Can Siri in HomePod do that? I can’t tell you yet for certain. I got a chance to listen to HomePod — but not use any of its voice-activated features — after Apple’s keynote. As the company promised, it does sound much deeper and richer than a Sonos Play 3 or an Amazon Echo, closer to what you might hear in a high-end home stereo system. But the true test for such a device is how it works in real-world conditions, handling the multiplicity of requests that you might think up during a day — and for now, we have no idea how that might work.

Yet I am cautiously optimistic, mainly on the basis of the many other computationally difficult features that Apple showed off on Monday.
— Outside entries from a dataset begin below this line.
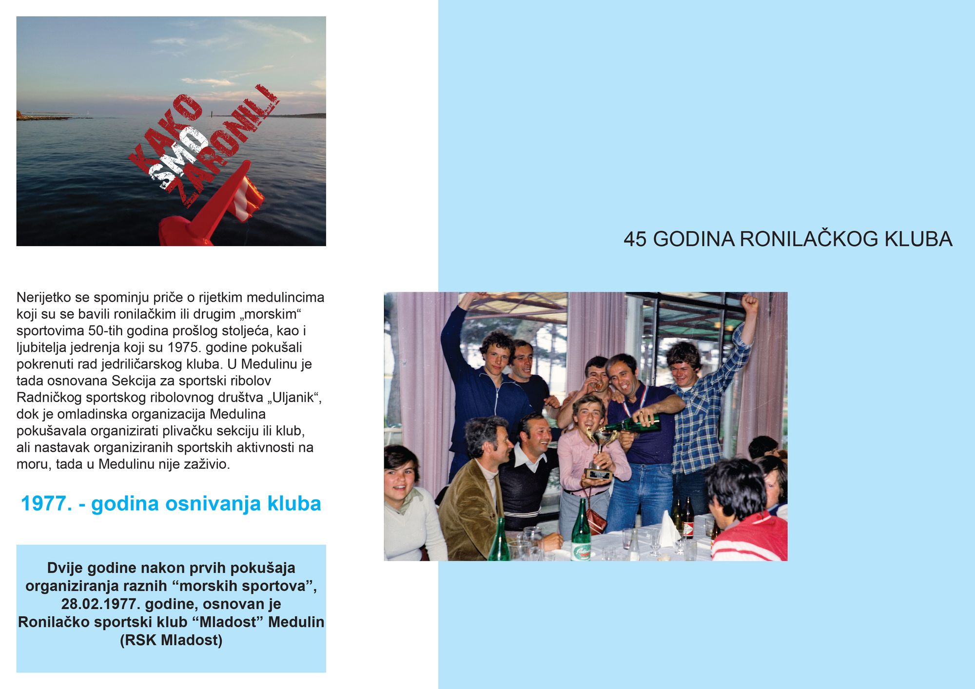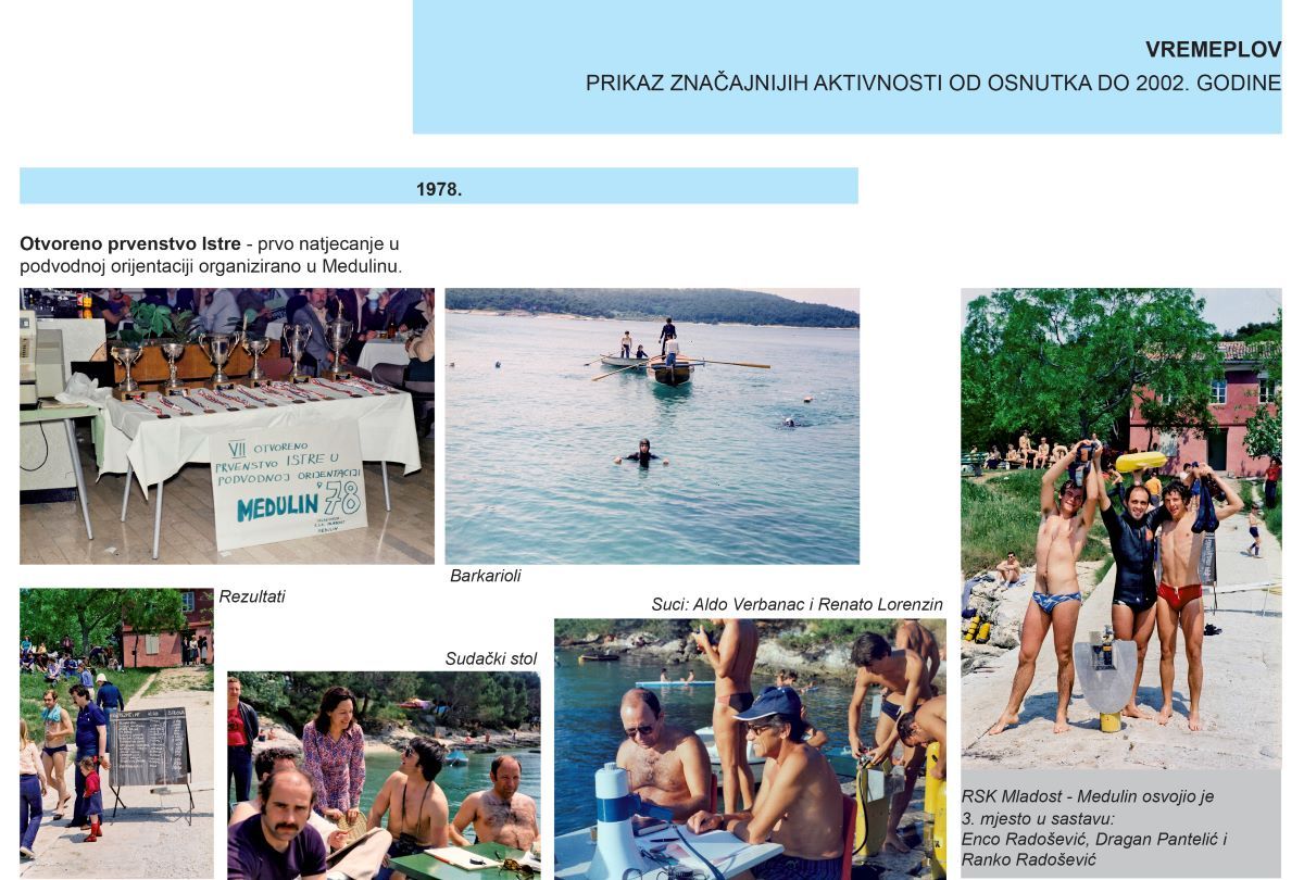 Uz kratak prikaz Medulina iz šezdesetih i sedamdesetih godina prošlog stoljeća knjiga opisuje nastanak ronilačkog kluba i prati organizacijske promjene od 1977. do 2022. godine, s opisom nastanka i rada Pomorskog društva „Mladost – Medulin“ i klubova RK Centar, EKO MORE, RSK Mladost i KSR Medulin. Prikazuje i interakciju kluba sa naseljem i mještanima te bilježi i dokumentira doprinos ronioca u izgradnji medulinske rive, zgrade općinske uprave, sudjelovanje u Domovinskom ratu, pronalasku podmorskih arheoloških nalaza i razvoju pomorskih sportova te aktivnostima čišćenja podmorja Medulinskog arhipelaga.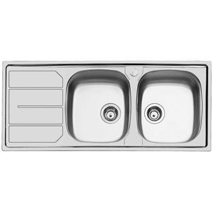 Foster Lavello S1000 116x50 cm, 2 Vasche a Sinistra con Gocciolatoio a Destra, Acciaio Inox Spazzolato, Cod. 1812162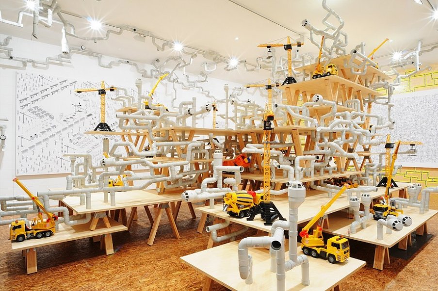 ผลงานศิลปะจัดวางขนาดใหญ่ยักษ์โดยกลุ่มศิลปินชาวญี่ปุ่น Paramodel (ยาสุฮิโกะ ฮายาชิ และ ยูซุเกะ นากาโน) ครอบคลุมพื้นที่ทั้งชั้นหนึ่งของโรงละคร โดยศิลปินพยายามนำเสนอการเชื่อมต่อแบบไร้ขอบเขตของโลกข่าวสารในปัจจุบัน ผ่านผลงานศิลปะที่มีหน้าตาคล้ายไซต์ก่อสร้าง ซึ่งเป็นโครงสร้างต่อกันของวัสดุหลากหลาย เช่น ท่อน้ำ รางรถไฟพลาสติกสีฟ้า ทำให้เกิดเป็นพื้นผิวและสีที่ตื่นตาตื่นใจ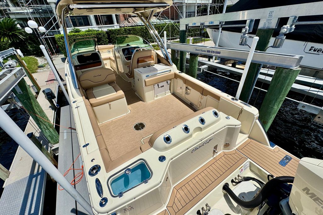 The Calypso 28 offers ample space and all the essential amenities for hosting memorable excursions. For easy access to the dock and the water, a starboard side-boarding door and extended swim platform are both standard.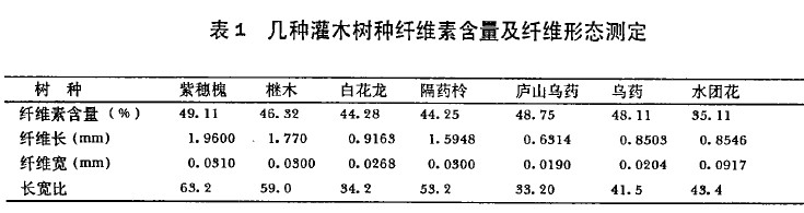 2.2纖維形態(tài)測(cè)定結(jié)果表明(見表l):纖維長(zhǎng)寬比以紫穗槐最大為63.2,廬山烏藥最小33.2,其比值大小依次為:紫穗槐,糙木、隔藥拎、水團(tuán)花、烏藥、白花龍、廬山烏藥;除廬山烏藥和白花龍外均符合造紙樹種要求(造紙樹種一般要求纖維長(zhǎng)寬比在35以上)2.3結(jié)果分析得出初步的結(jié)論:紫穗槐、批木、隔藥拎、烏藥4種灌木樹種其纖維含量和纖維形態(tài)均符合造紙樹種要求。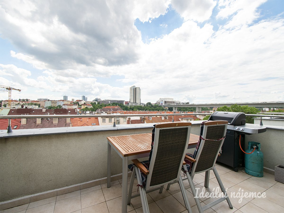 K dlouhodobému podnájmu nabízíme krásný klimatizovaný mezonetový byt o dispozici 3+kk v centru Prahy - Vinohrady. Byt o celkové výměře 106 m2 se nachází v pátém patře cihlového domu s výtahem. K bytu navíc patří krásná terasa s výhledem na Prahu - Vinohrady, plynový gril, jídelní stůl a markýza.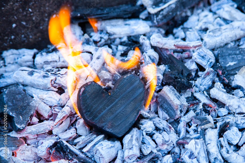 Heart burns in the fire. Wooden heart was charred and the flames on the coals. The concept of strong love, burning passion, broken relationships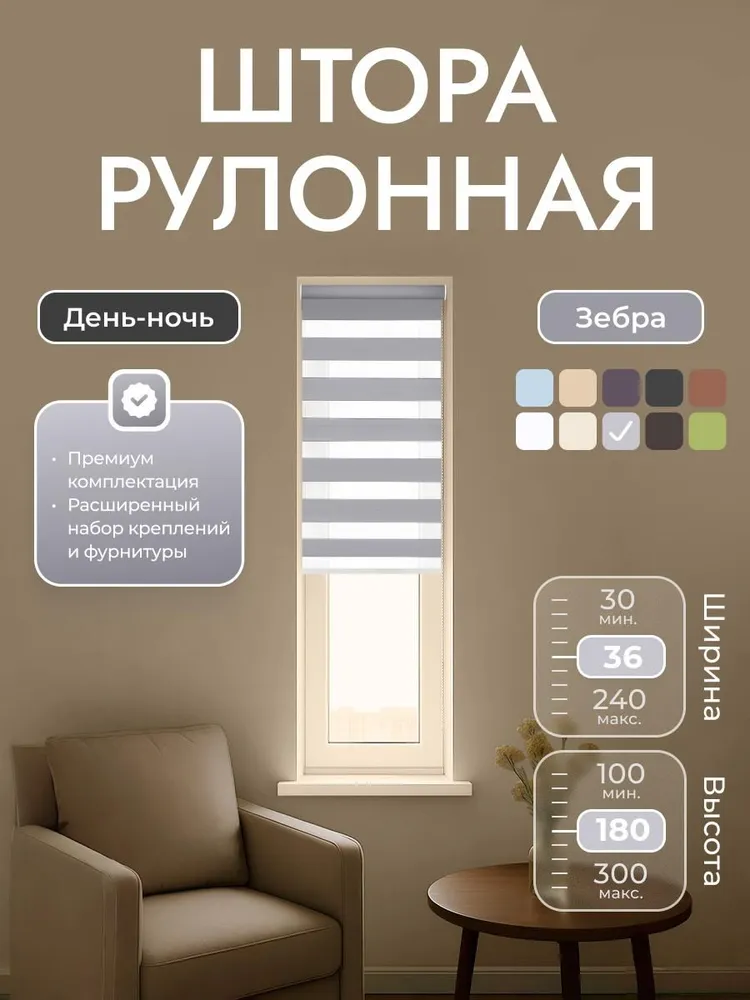 Рулонная штора день/ночь (зебра) 36x180 см от Унистайл.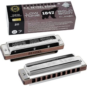 The Seydel Blues Classic 1847 harmonica is first serial-produced Richter-diatonic harmonica with stainless steel reeds. It represents many innovations. but fits all traditional demands - a master's instrument for maximum ambitions. The 1847 is the result of Seydel's 160 year of experience in manufacturing high-quality harmonicas.Key Features• Full and loud, overtone-rich sound and extremely fast tone-response due to stainless-steel reeds• Very long durability and even with heavy-duty playing—stainless steel reeds and stainless-steel rivets• Less air-loss due to fine-cut reedplates—optimized flatness and extremely small tolerances between reed and reedplate• Beard- and lip-friendly—coverplates with rounded edges without any cuts at the mouthpiece and ergonomic built hole openings and rounded dividers• The overtone-rich sound can spread out undampened—covers made of extra strong stainless-steel sheet (.4 mm), opened wide at the back and crimped and therefore a good stability and rounded edges•Moisture-proof, swelling-free maple-comb, sealed with multiple layers of food-safe finish
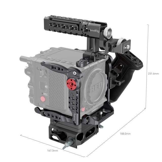 Das SmallRig Advanced Cage Kit für RED KOMODO-X 4335 wurde entwickelt, um Handheld-Aufnahmen zu erleichtern, Zubehör zur Erweiterung der Schnittstelle bereitzustellen und das Kameragehäuse zu schützen. Das Kit umfasst einen Käfig (obere Platte + linke Seitenplatte + rechte Seitenplatte + Grundplatte), Objektivmontageadapter Unterstützung, oberen Griff, Monitorhalterung, Manfrotto Montageplatte Kit und drehbaren Seitengriff. Die Monitorhalterung kann den Monitor zu installieren, unterstützen Kippen 180 °, 360 ° Schwenken Einstellung und bequeme Überwachung. Der obere Handgriff kann durch die NATO-Klemme installiert werden, die leicht zu demontieren und zu installieren ist; es kann vor und zurück eingestellt werden, nachdem sie durch den Inbusschlüssel zu erleichtern die Verwendung des LCD-Bildschirms auf der Oberseite der Kamera gelöst.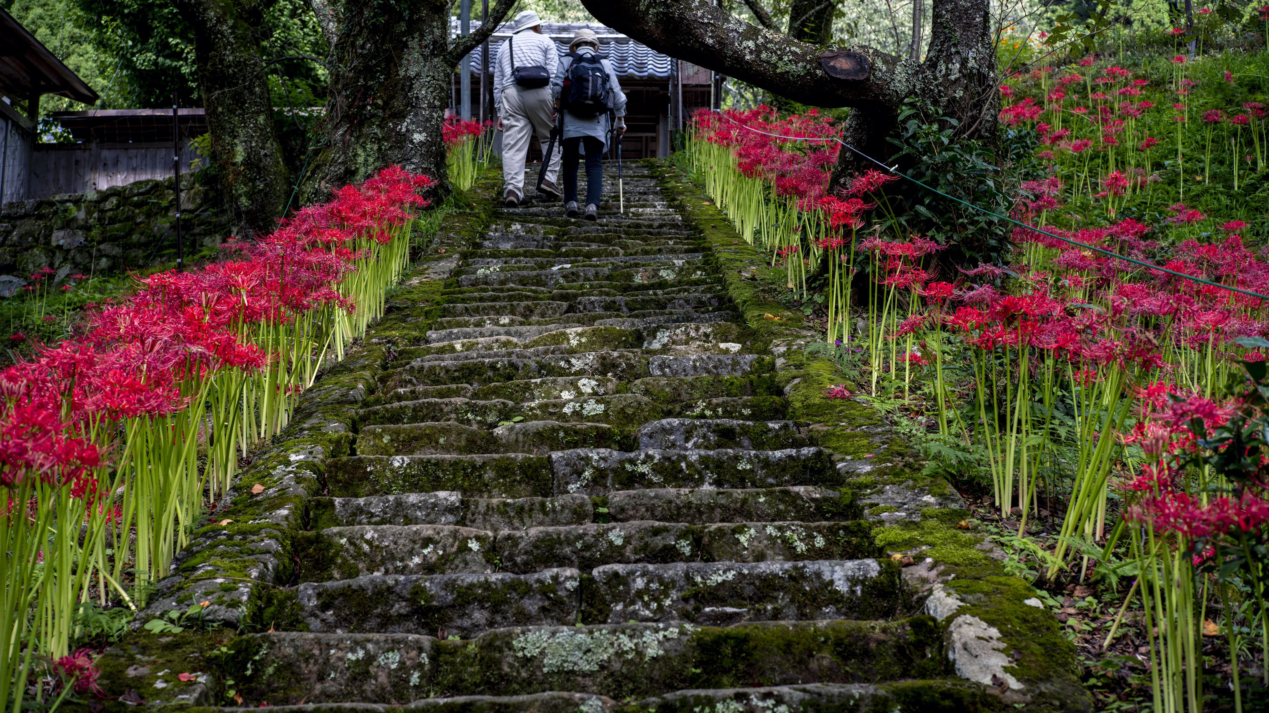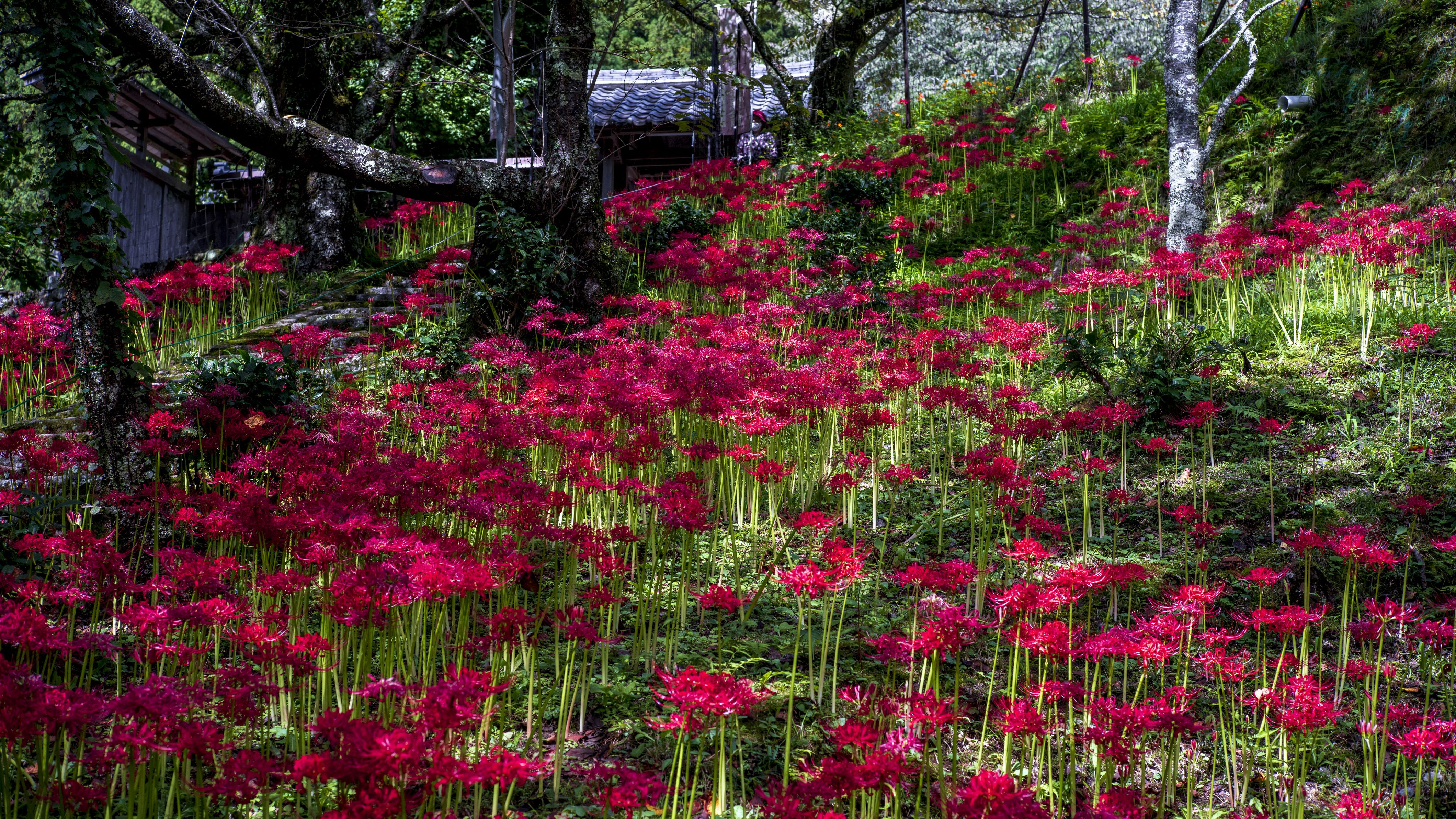 奈良県宇陀市の佛隆寺。参道の両側に広がる彼岸花が壮観でした。 記載のないレンズは50mm f2のオールドレンズです。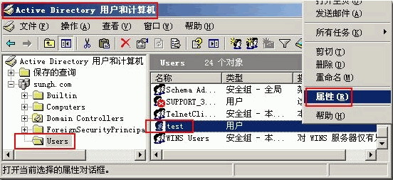 如果計(jì)算機(jī)加入了域,則單擊AD用戶和計(jì)算機(jī)中的user組中的用戶,如圖: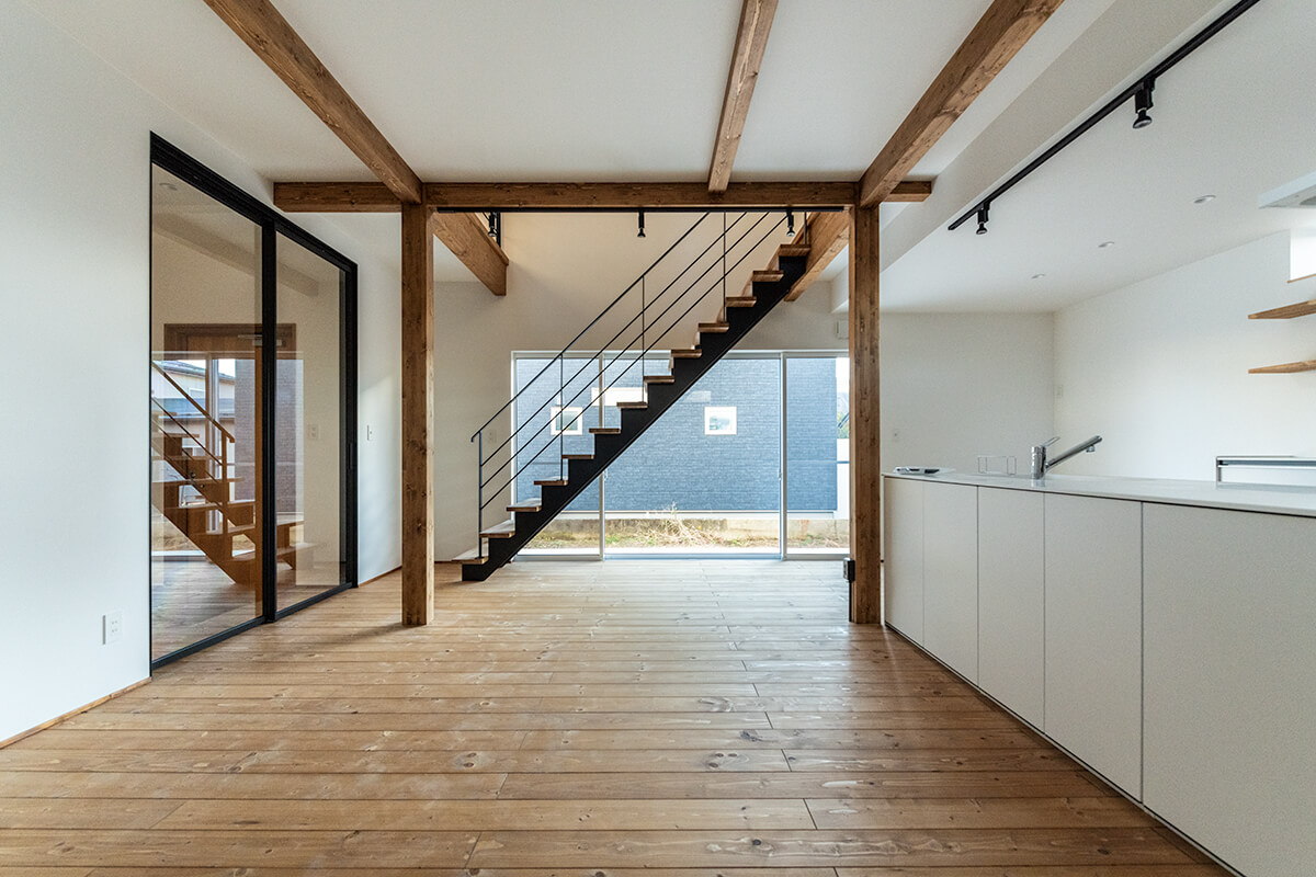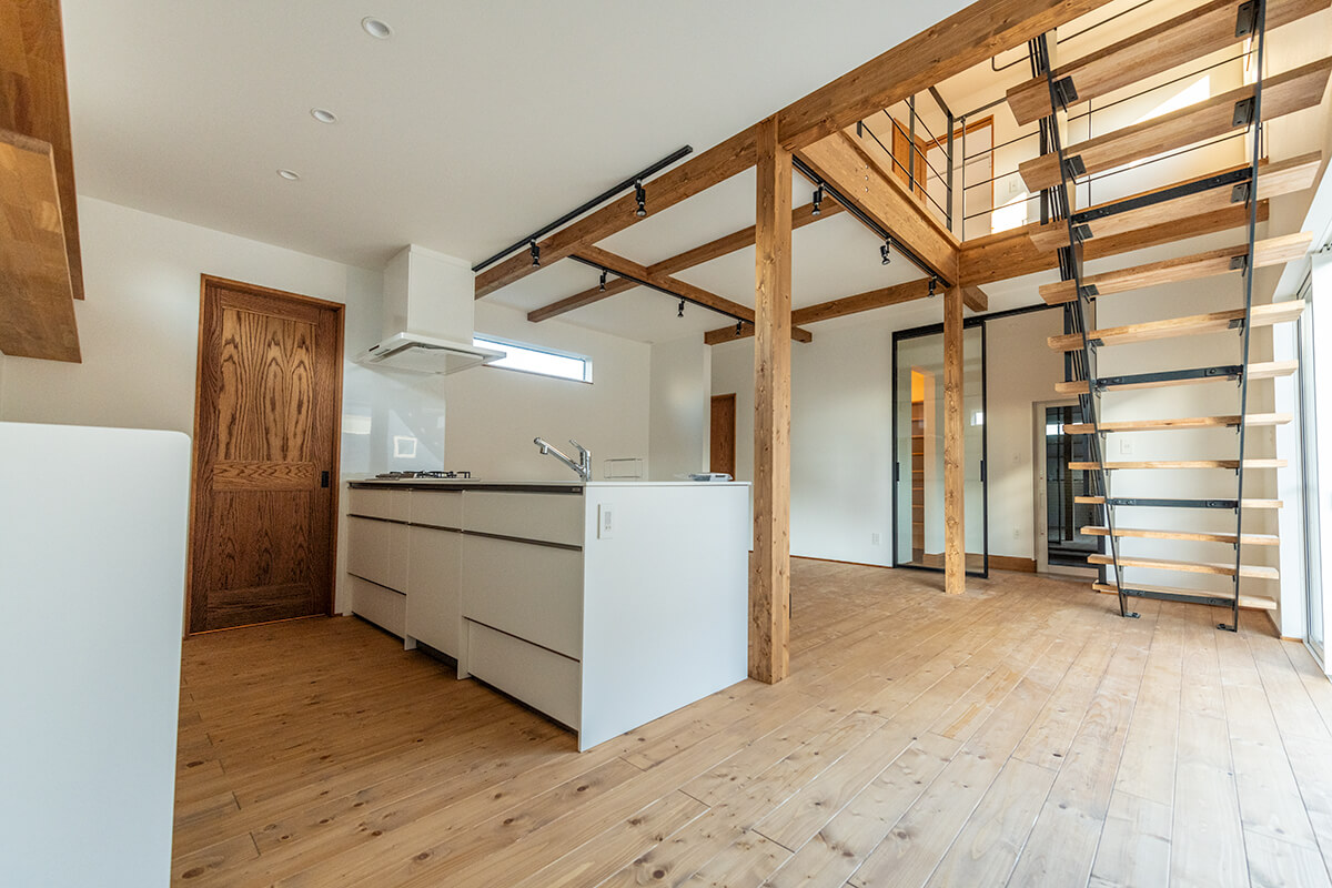 閑静な住宅街に建つ白い塗り壁が際立つ外観デザインと、お客様のご意向によるカスタマイズが施された室内も見どころです。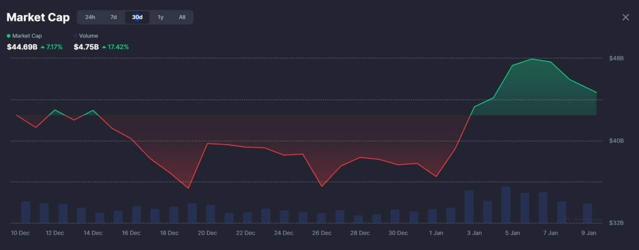 Après plusieurs semaines de calme, le marché des pièces de monnaie-mèmes commence enfin à reprendre vie. Au cours des 30 derniers jours, la dynamique du marché a nettement évolué, les fonds revenant discrètement. À la fin du mois de décembre, la capitalisation boursière totale des pièces de monnaie-mèmes était passée d'environ 42 milliards de dollars à près de 36 milliards de dollars, mais dès le début du mois de janvier, cette tendance s'est inversée, atteignant un sommet proche de 48 milliards de dollars, avant de légèrement reculer à 44,69 milliards de dollars actuellement.

Many of them are versions of features that rivals like Google have spent years perfecting.

For example, Siri will now translate languages for you. Like a true assistant, Siri is also now more predictive — it aims to spot common computing problems and offer to help. (If it notices that you’ve been chatting about a coming appointment, for instance, it will offer to add it to your calendar.)

Best of all, Siri is finally a single unified personality that sits across all of your devices. In the past, Siri on your iPad was different from Siri on your Mac — one would learn that you’re traveling to Iceland, and the other might never know. Now, similar to other assistants, Siri knows you and can anticipate your interests on whatever device you use.

There was more, too. Apple is letting developers create apps that can perform machine learning tasks on its devices. It’s also diving heavily into computer vision. Developers can now create augmented reality features, meaning they can add virtual objects overlaid on images from the real world.

If you follow the tech industry you know these are all hot topics that other companies are investing in heavily. Apple is still a laggard, and I wouldn’t expect it to beat Google in an A.I. contest anytime soon.

But it doesn’t need to. All Apple has to do is stay competitive — it’s got to invest just enough in the A.I.-driven future to keep its devices compelling. There’s no mistake, now, that it’s doing so.